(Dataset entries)
· · · · · · ·

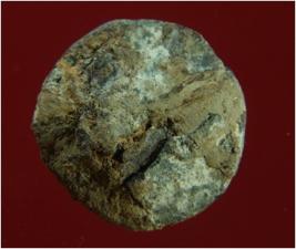 | Description / विवरण | Trench BZZ-1, LxB-D 5 mts x 1.80 mts - 0.75 mts B peg BX1, Stratum Layer 2 It is a copper Coin. Features are not visible due to presence of patina, dust and dirt.. Its surface is rough, uneven and dusty. Its colour demolished to copper brown. |
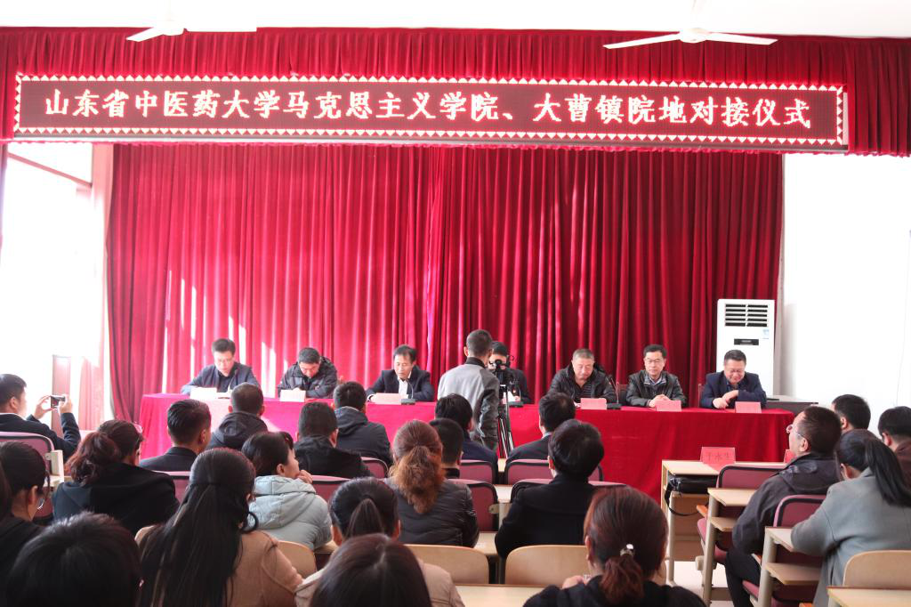 在大曹镇政府礼堂,县委副书记邹波、县委常委、组织部长张健捷、大曹镇党委书记冯恩国、镇长张国明与联合组共同参加了“山东中医药大学思政课实践教学基地”和“中共大曹镇委员会业余党校”揭牌仪式,双方签订业余党校共建协议,学校八位老师被聘为业余党校指导教师,联合组代表学校向业余党校捐赠了总价值2万元的健康养生和法律方面书籍以及书法作品。会后,县委书记王刚与联合组进行座谈、交流。
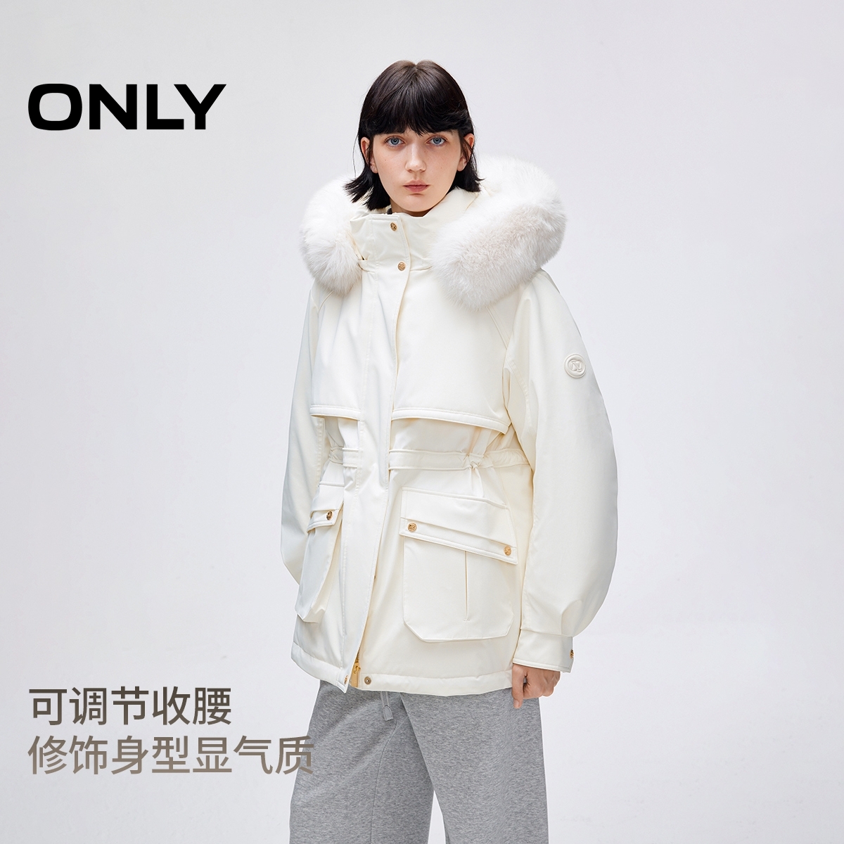 派克羽绒服女 户外90白鹅绒可拆卸毛领连帽工装 ONLY2025冬季 新款
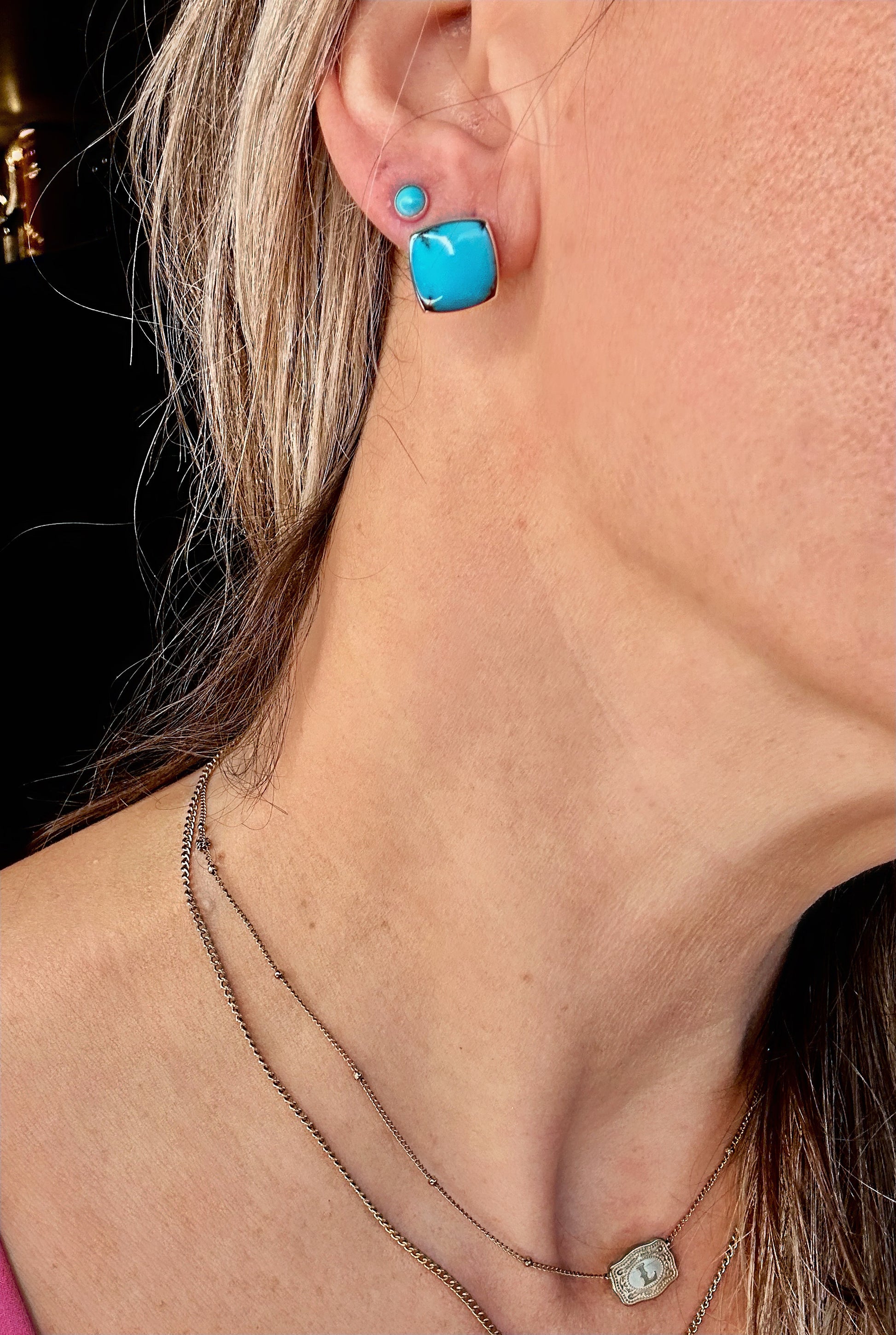 Sterling silver, Native made prince studs. The post is located in the top corner, so they hang like a diamond! Stamped EA.
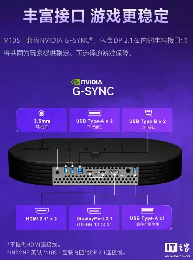 为了确保高性能下的稳定运行,显示器内部搭载了定制散热系统。同步技术方面,它兼容英伟达G-SYNC,能有效防止画面撕裂。接口配置也堪称豪华,提供了HDMI 2.1、DisplayPort 2.1、USB Type-A下行以及USB Type-B上行接口,充分满足了从游戏主机到PC,再到外设拓展的各种连接需求。
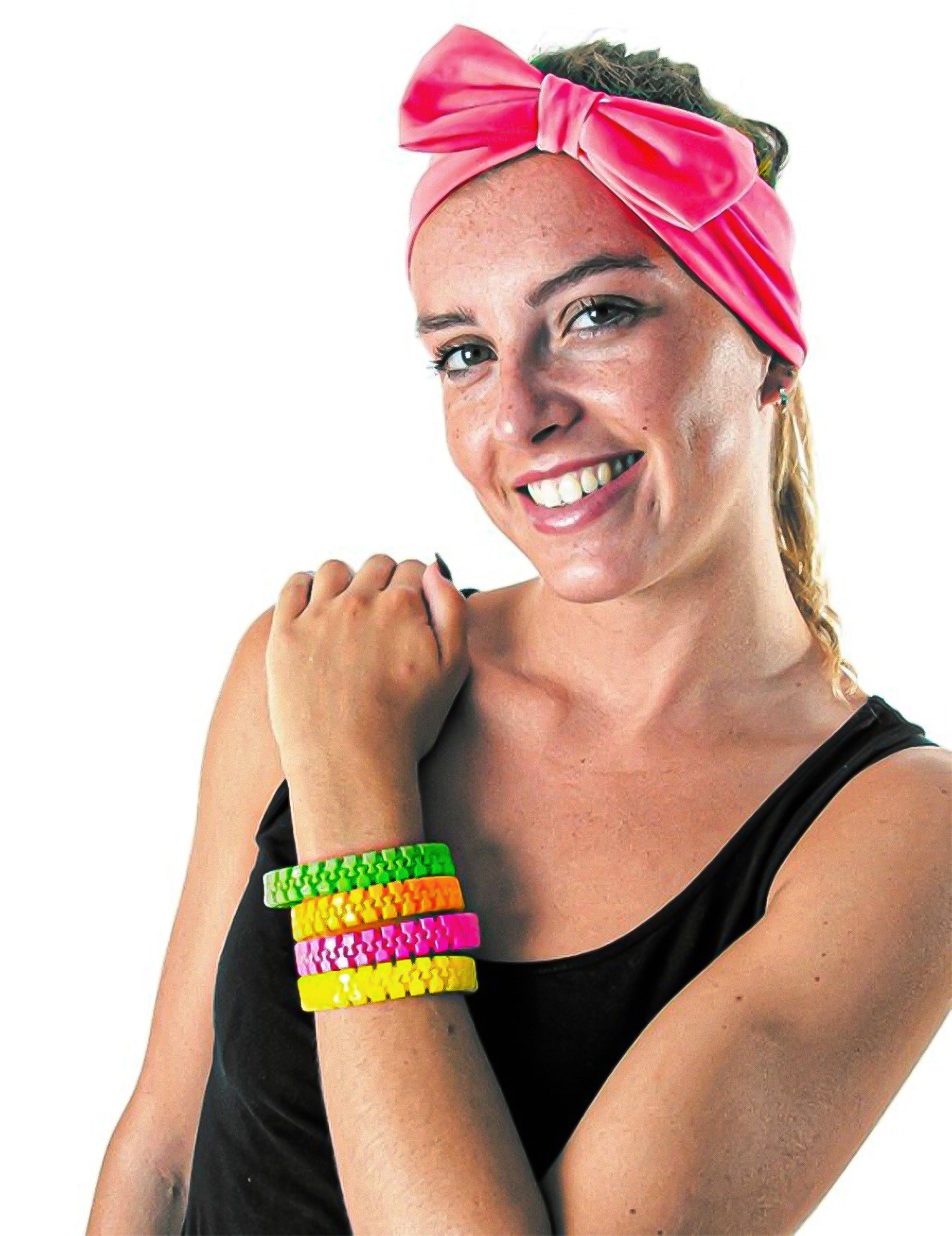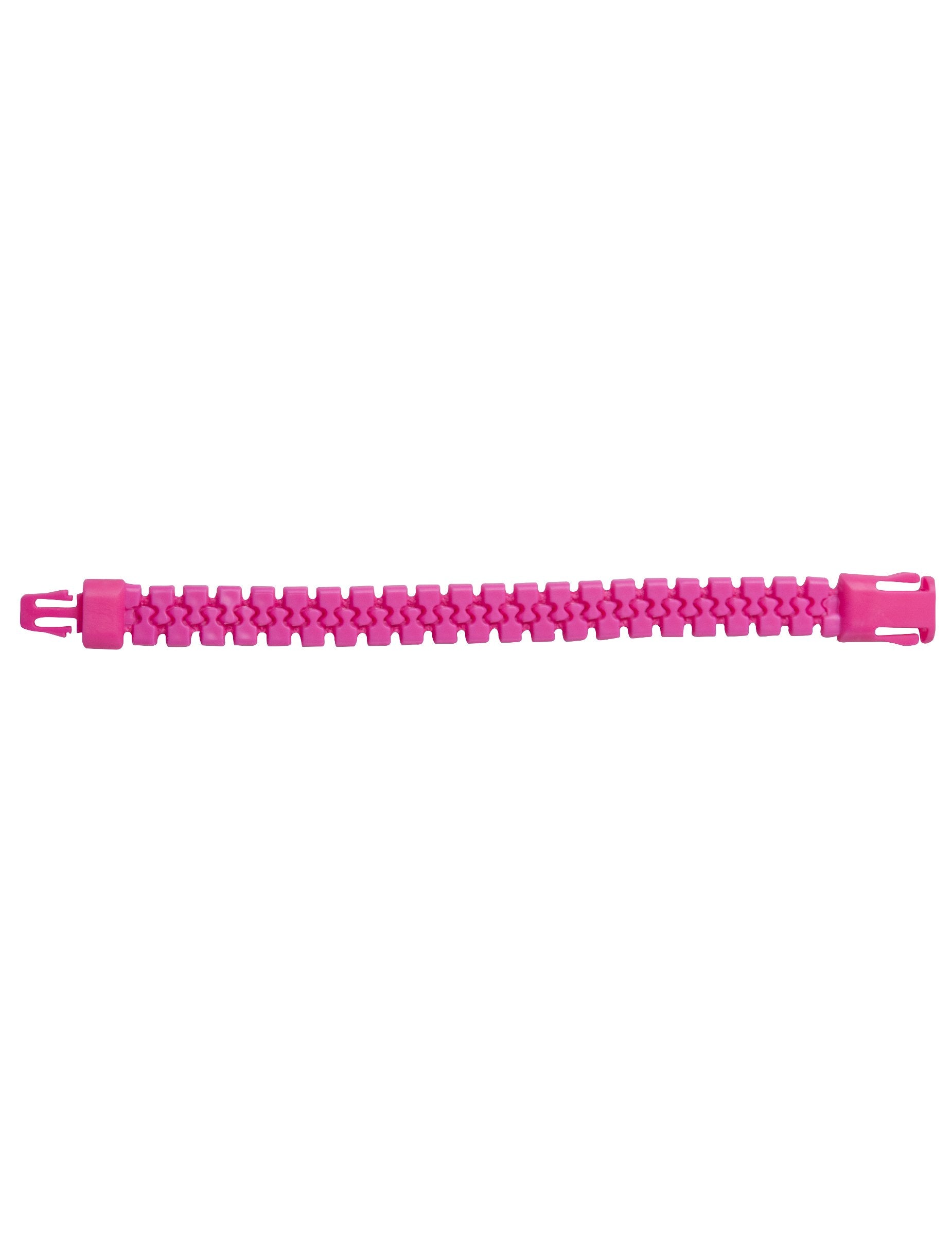 Тази флуоресцентна розова гривна с цип е пластмасова. Той дава илюзията за цип и клипове, за да затвори гривната. Дълъг е 22 см. Тази гривна ще бъде идеална за вечер по флуоресцентна тема или 80 -те и 90 -те.
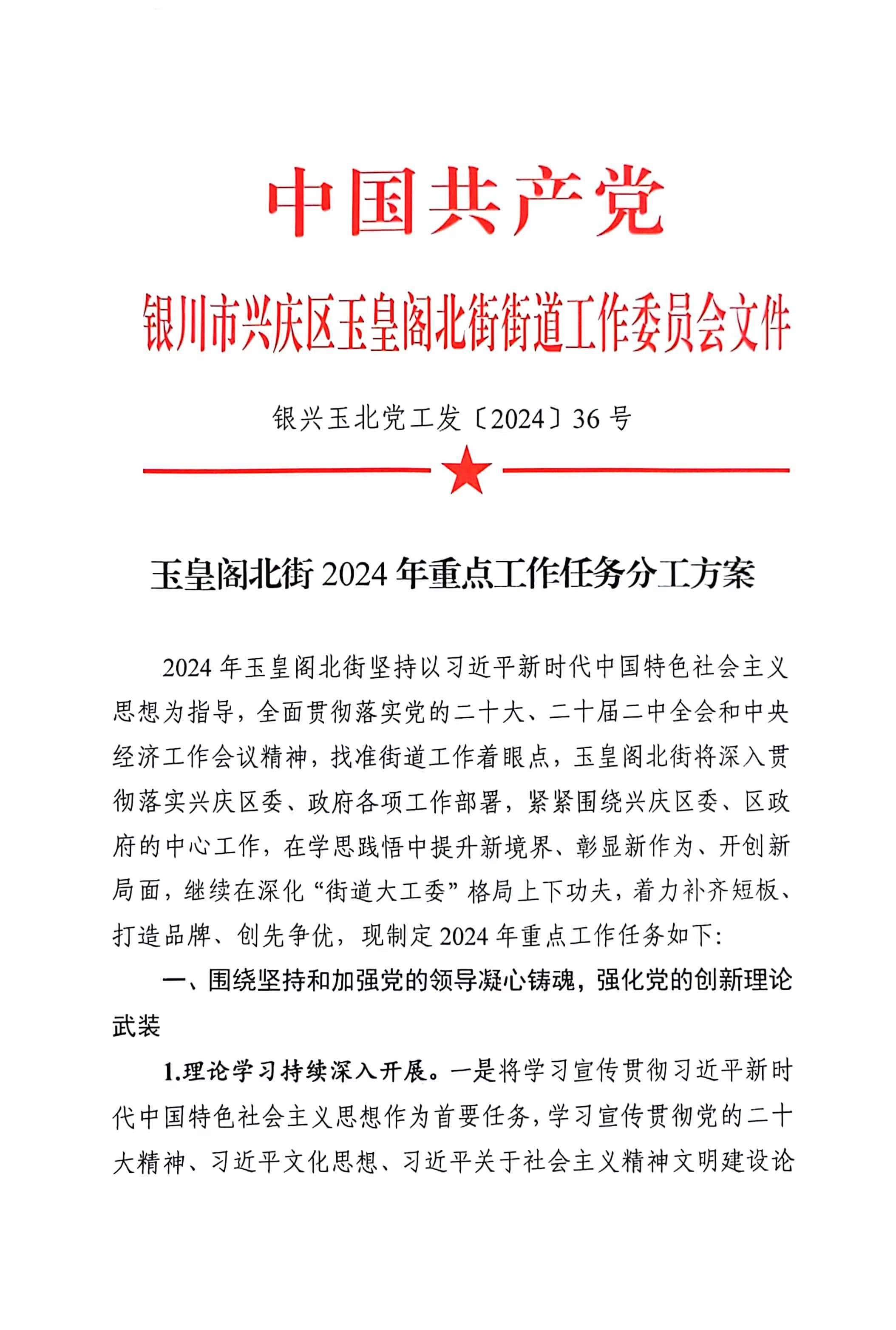 玉皇阁北街2024年重点工作任务分工方案.docx
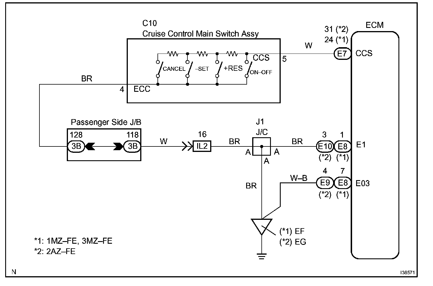 This circuit carries the SET/COAST, RESUME/ACCEL and CANCEL voltage signals to the ECM.
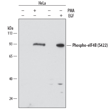 - Detection of Human Phospho-eIF4B (S422) by Western Blot. Western blot shows lysates of HeLa human cervical epithelial carcinoma cell line untreated (-) or treated (+) with 200 nM PMA for 20 minutes or 100 ng/mL Recombinant Human EGF (Catalog # 236-EG) for 5 minutes. PVDF membrane was probed with 1 µg/mL of Rat Anti-Human Phospho-eIF4B (S422) Monoclonal Antibody (Catalog # MAB3800) followed by HRP-conjugated Anti-Rat IgG Secondary Antibody (Catalog # HAF005). A specific band was detected for Phospho-eIF4B (S422) at approximately 93 kDa (as indicated). This experiment was conducted under reducing conditions and using Immunoblot Buffer Group 1.

· · · · · · ·

- [Task goal]
What you write out is the stretch of entries from the line containing "Тази флуоресцентна розова" to the line containing "This circuit carries", word for word, with both end lines and no pictures.

- [Solution below]
 Тази флуоресцентна розова гривна с цип е пластмасова. Той дава илюзията за цип и клипове, за да затвори гривната. Дълъг е 22 см. Тази гривна ще бъде идеална за вечер по флуоресцентна тема или 80 -те и 90 -те.
 玉皇阁北街2024年重点工作任务分工方案.docx
 This circuit carries the SET/COAST, RESUME/ACCEL and CANCEL voltage signals to the ECM.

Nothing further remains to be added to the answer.